Benden ayrıldıktan sonra durum ciddi galiba deyip git evine kapan. Zorunlu olmadıkça dışarıya çıkma. Sakın ola ki soluğu marketlerde alıp ne bulursan almaya kalkma. Evine stok yapma. Alışverişini sair zamanlarda yaptığın gibi yap. Normalinden fazla alışveriş yaparak arz talep dengesini bozma. Evet, olağanüstü bir durumdan geçiyoruz. Ama ne kıtlık var ne de savaş ortamındayız. Çünkü yapacağın normalinden fazla satış ister istemez fiyatları uçuruyor. Sonra da fırsatçılık bu yaptıkları deyip esnafa kızma. Esnafı bu hale getiren maalesef sensin. Merak etme, acından ölmezsin. Yiyecek hiçbir şeyin kalmazsa bu millet seni aç bırakmaz. Elindekini seninle paylaşır. Sonra evine her şeyi depolayıp ben aradığımı bulamayınca sen huzur bulacak mısın? Unutma ki “Komşusu açken tok yatan bizden değildir.”

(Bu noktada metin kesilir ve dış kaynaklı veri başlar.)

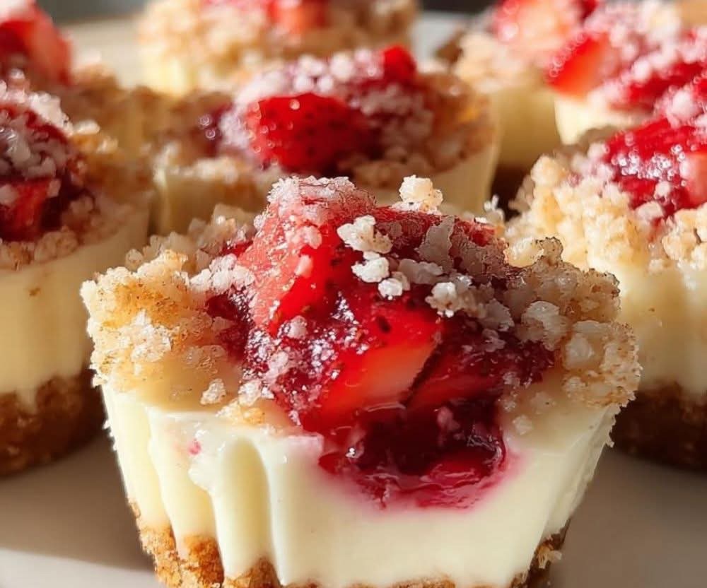 8. Sprinkle the crispy rice cereal and remaining strawberries on top of each cheesecake bite.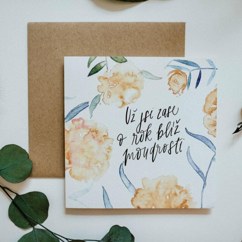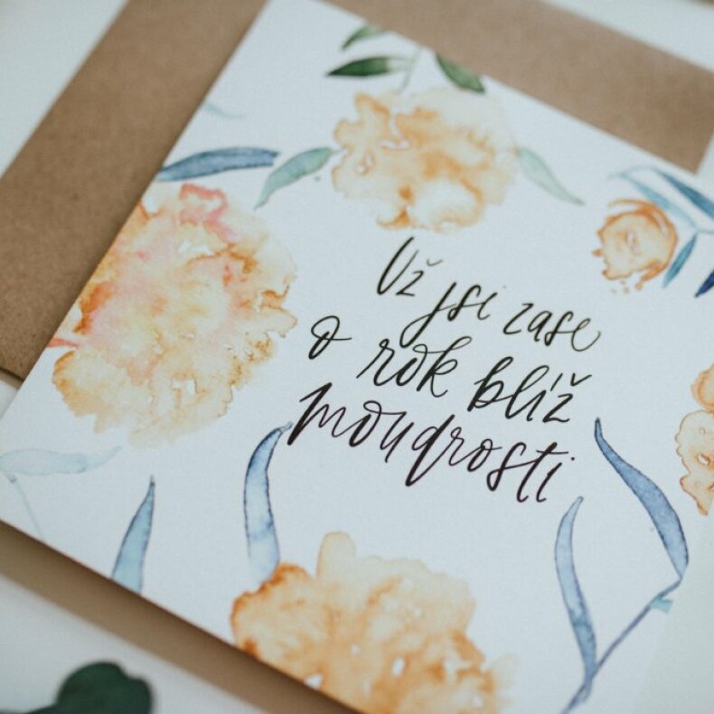 Zase o rok blíž moudrosti? Popřejte originálně a vtipně s přáním z kolekce Pivoňka, které je lemované touto krásnou květinou.

Bugünlerde alışverişi azaltıp evdeki olanla yetinmeyi dene. Tereklerdeki makarna paketlerine saldırma. Bu ara ne çabuk makarna sever oldun sonra. Makarnanın ne faydası var ayrıca. Makarna demek ekmek demektir, hamur demektir. Makarna yiyeceğine ekmek ye. Bil ki midene oturup hazım sorunu yaşatmaktan başka bir işe yaramaz o makarna. Ayrıca hastalığı tedavi edecek kadar şifası yoktur. Makarnanın sair yiyeceklere göre bir şifası olsaydı adları makarnacıya çıkan İtalyanlara şifa olurdu. İtalya kırılıyor koronavirüsten. Ölü sayıları virüsün çıktığı Çin’i geçti.

Hasılı eldeki olanla yetin biraz. Açgözlülük yapma. Nefsini terbiye etmeyi dene. Virüsle ilgili tedbirini al, ötesini merak etme şimdilik.

**24/03/2020 tarihinde Kahta Söz gazetesinde yayımlanmıştır.